■ **INPUT DATA**:

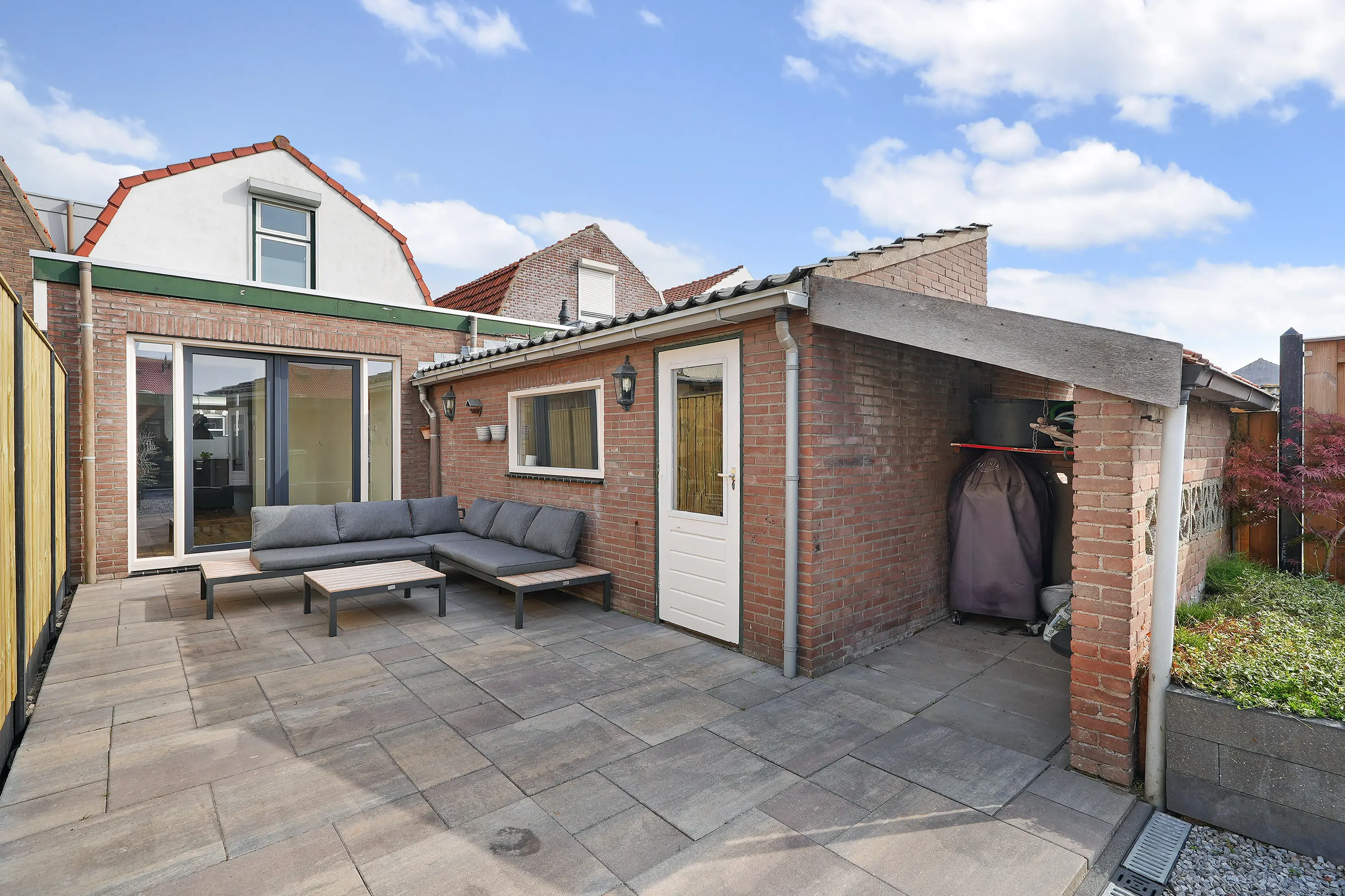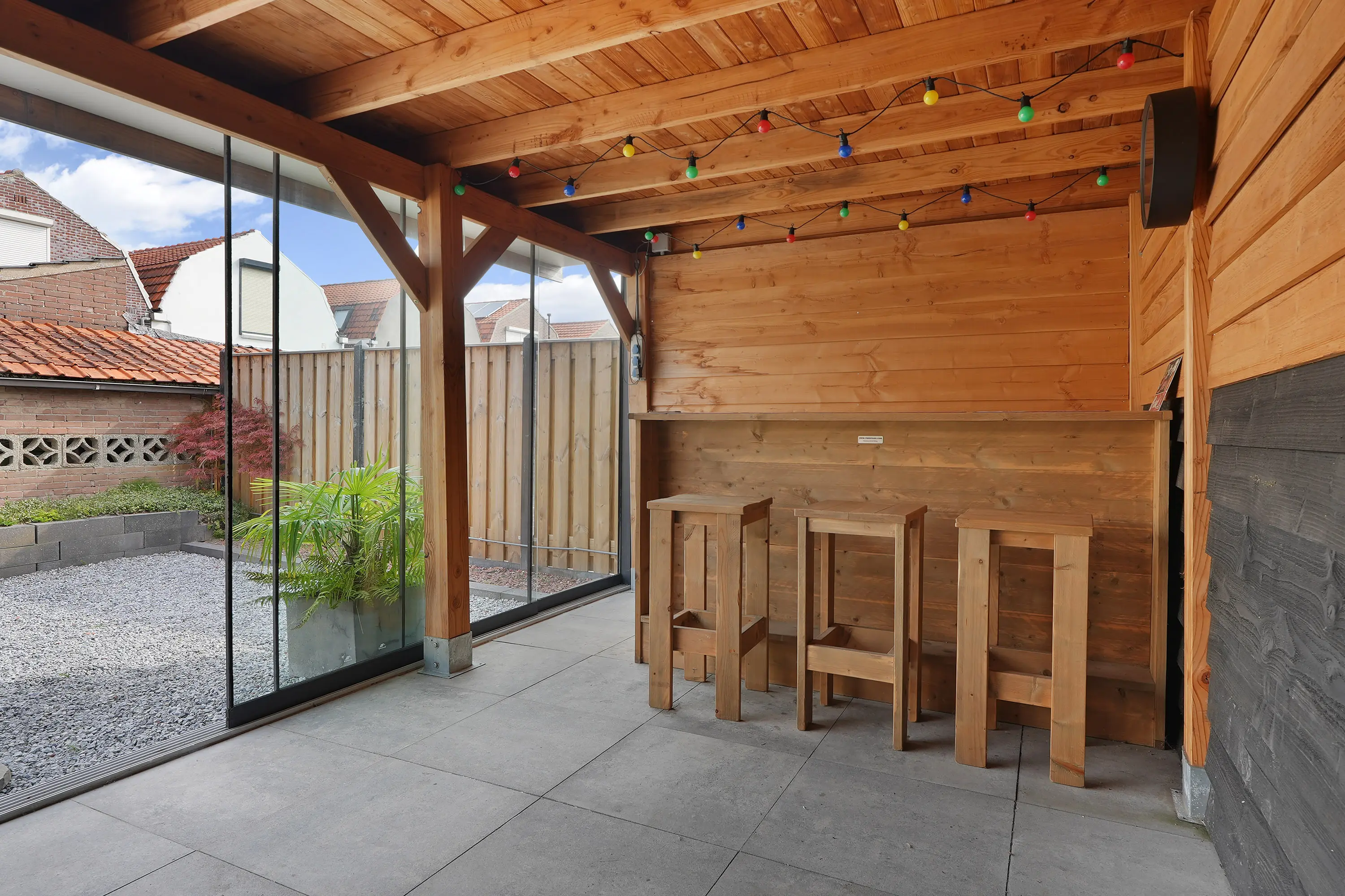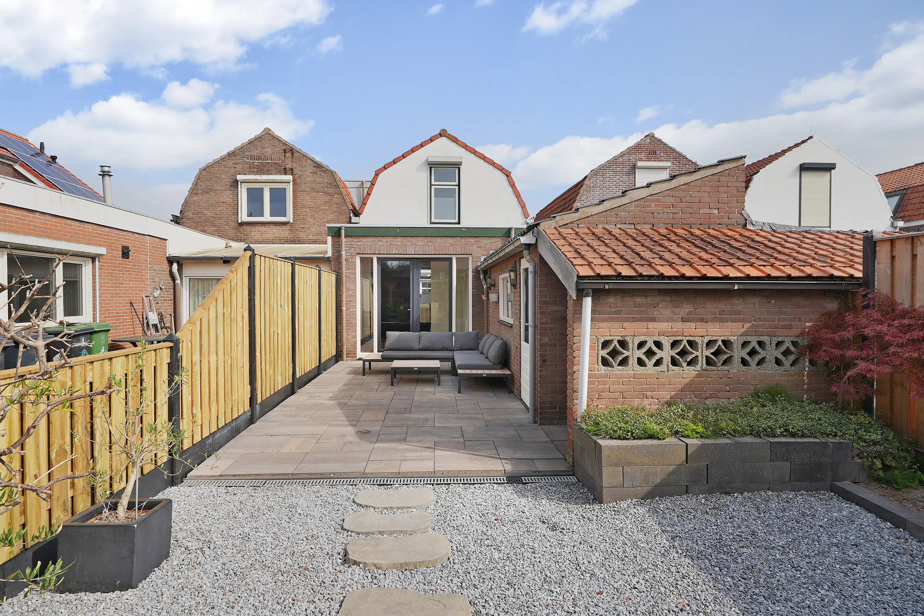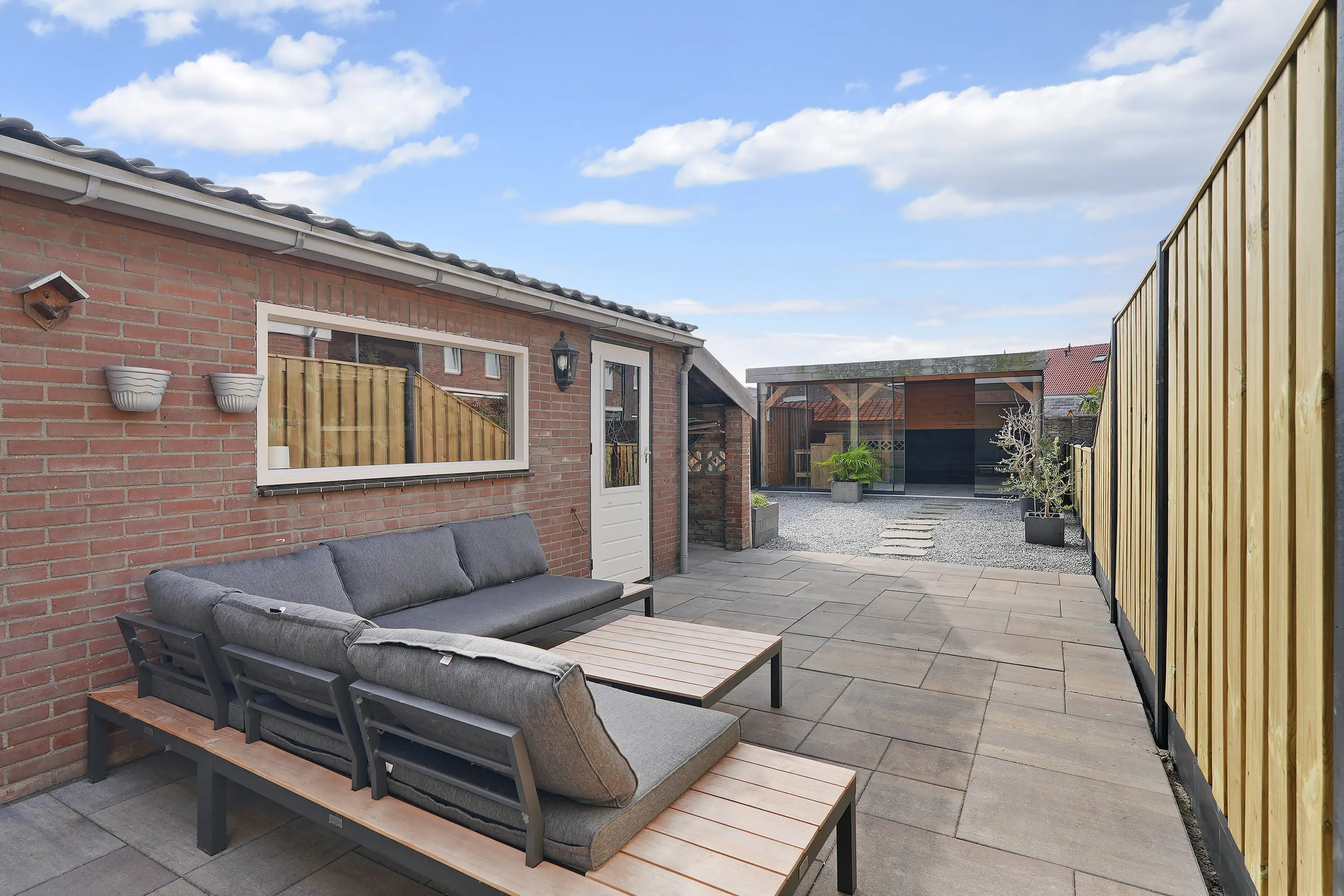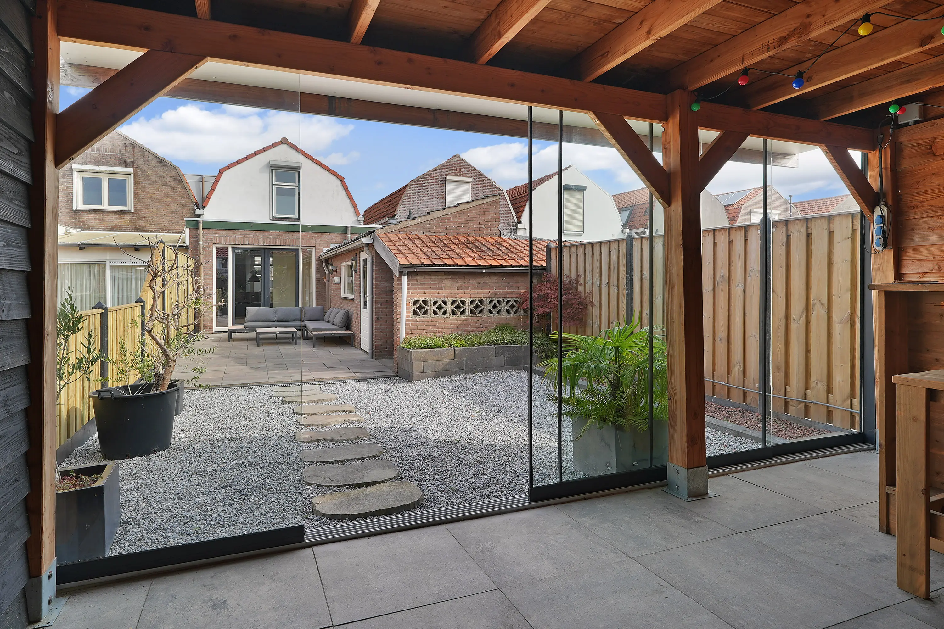 De achtertuin is een absoluut hoogtepunt: diep, zonnig gelegen op het zuiden en met veel privacy. Het geheel is fraai aangelegd met vernieuwde bestrating, grind, schuttingdelen en een looppad naar de royale houten terrasoverkapping. Deze overkapping is uitgerust met glazen schuifwanden, waardoor u er het hele jaar door comfortabel kunt genieten van het buitenleven en van lange zomeravonden tot knusse winterdagen.
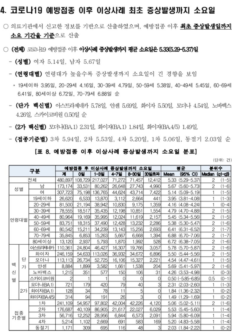 4. 코로나19 예방접종 후 이상사례 증상발생까지 소요일
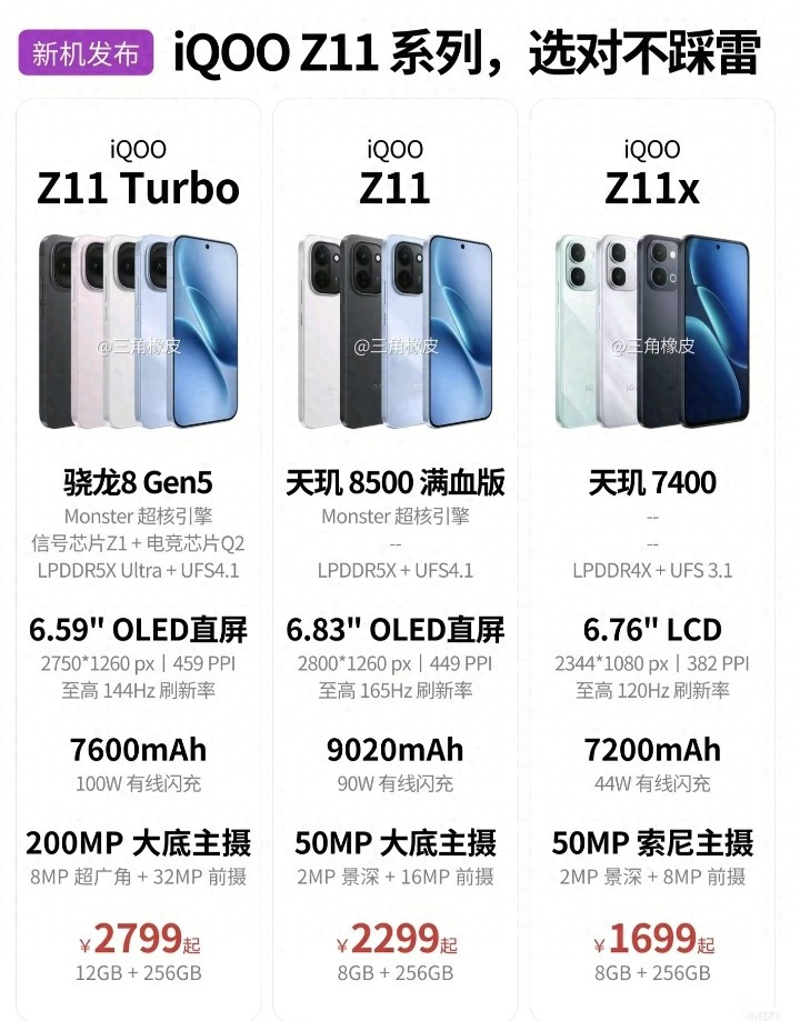 2026年4,iQOO品牌细致发布了全新的Z11系列智高东说念主机。这一系列共包含三款机型,区别是iQOO Z11 Turbo、iQOO Z11和iQOO Z11x。三款手机遮掩了从初学到高端的多个价位段,得志了不同用户的使用需求。为了让破钞者显著了解每款手机的特质,底下将逐个先容它们的硬件确立、屏幕训导、续航智商和影像系统等中枢参数。

■ **GOAL OF THE EXERCISE**: The expected answer is the lines from the one that has "4. 코로나19 예방접종 후 이상사례 증상발생까지 소요일" to the end of the listing, transcribed exactly, with pictures left out and no other line added.

■ **SOLUTION TO THIS TASK**:
 4. 코로나19 예방접종 후 이상사례 증상발생까지 소요일
 2026年4,iQOO品牌细致发布了全新的Z11系列智高东说念主机。这一系列共包含三款机型,区别是iQOO Z11 Turbo、iQOO Z11和iQOO Z11x。三款手机遮掩了从初学到高端的多个价位段,得志了不同用户的使用需求。为了让破钞者显著了解每款手机的特质,底下将逐个先容它们的硬件确立、屏幕训导、续航智商和影像系统等中枢参数。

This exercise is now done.